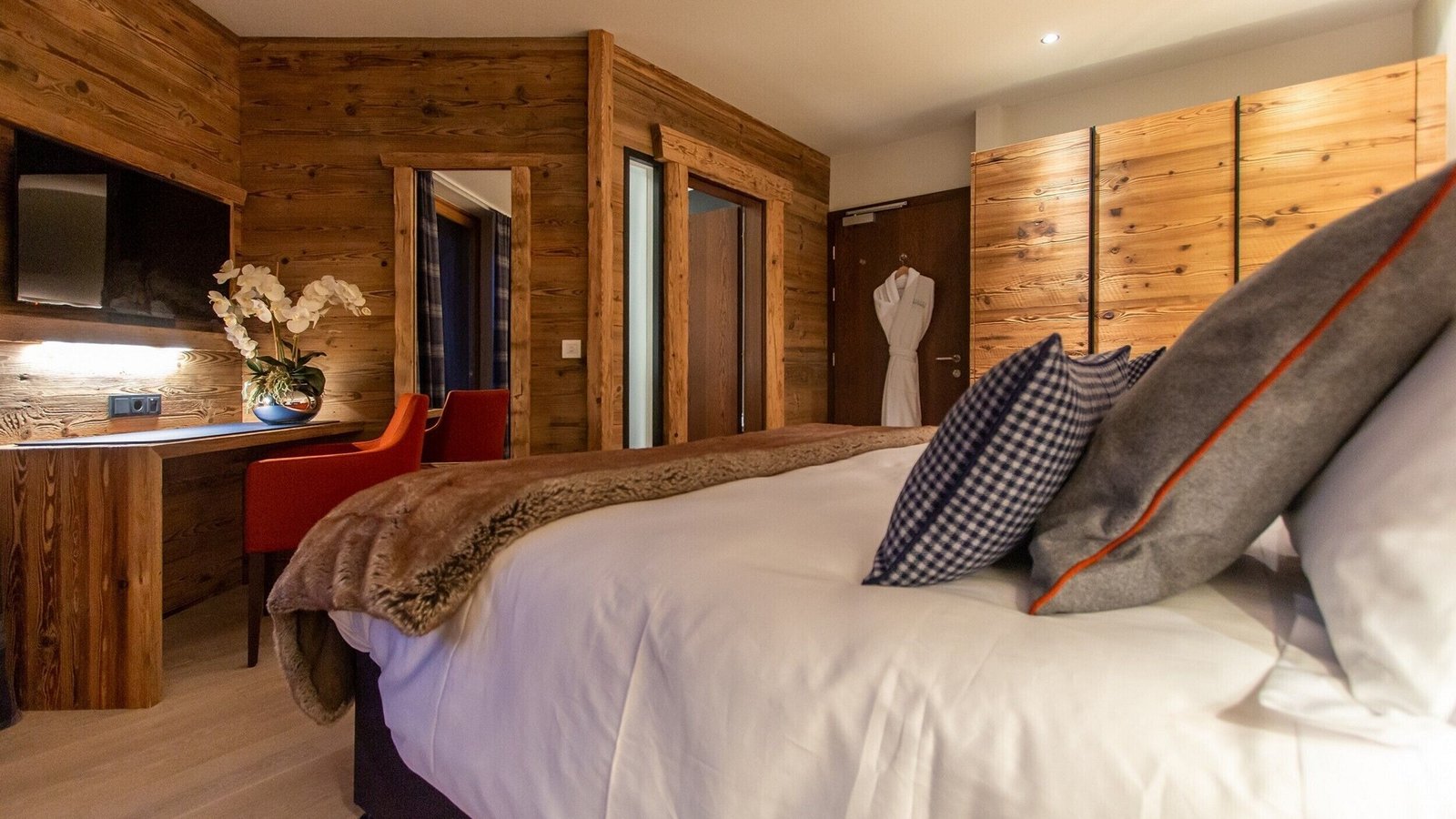 At ground level, alongside the boot room, the chalet boasts wonderful spa facilities, including an eight-metre swimming pool, wet room, sauna, steam room and an indoor hot tub. If you still have aching muscles after all that, there’s a treatment room so you can book massages or other treatments.
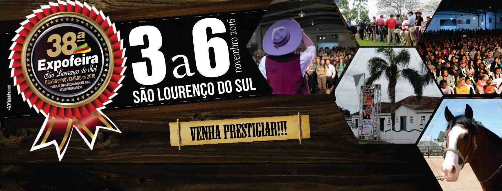 A 38ª Expofeira é uma realização do Sindicato Rural de São Lourenço do Sul tendo o Sindicato dos Trabalhadores Rurais e da Associação Comercial e Industrial de São Lourenço do Sul (ACI/CDL), tendo a produção de X13 Produções.
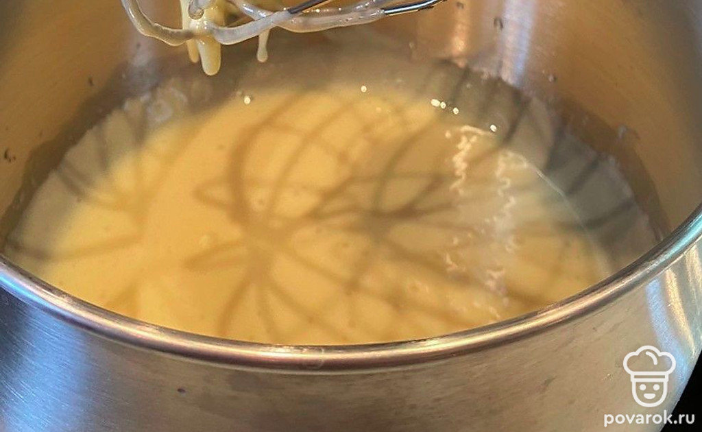 Приготовьте начинку. Взбейте 3 желтка венчиком либо миксером или блендером на средней скорости. Добавьте сгущенное молоко и снова перемешайте. Пока сгущенное молоко и желтки смешиваются до однородной массы, постепенно добавьте лимонный сок, выжатый из половины лимона.
=====
What is required —
Would you reproduce the listing above in full and exactly, without its pictures?

Written solution —
 At ground level, alongside the boot room, the chalet boasts wonderful spa facilities, including an eight-metre swimming pool, wet room, sauna, steam room and an indoor hot tub. If you still have aching muscles after all that, there’s a treatment room so you can book massages or other treatments.
 A 38ª Expofeira é uma realização do Sindicato Rural de São Lourenço do Sul tendo o Sindicato dos Trabalhadores Rurais e da Associação Comercial e Industrial de São Lourenço do Sul (ACI/CDL), tendo a produção de X13 Produções.
 Приготовьте начинку. Взбейте 3 желтка венчиком либо миксером или блендером на средней скорости. Добавьте сгущенное молоко и снова перемешайте. Пока сгущенное молоко и желтки смешиваются до однородной массы, постепенно добавьте лимонный сок, выжатый из половины лимона.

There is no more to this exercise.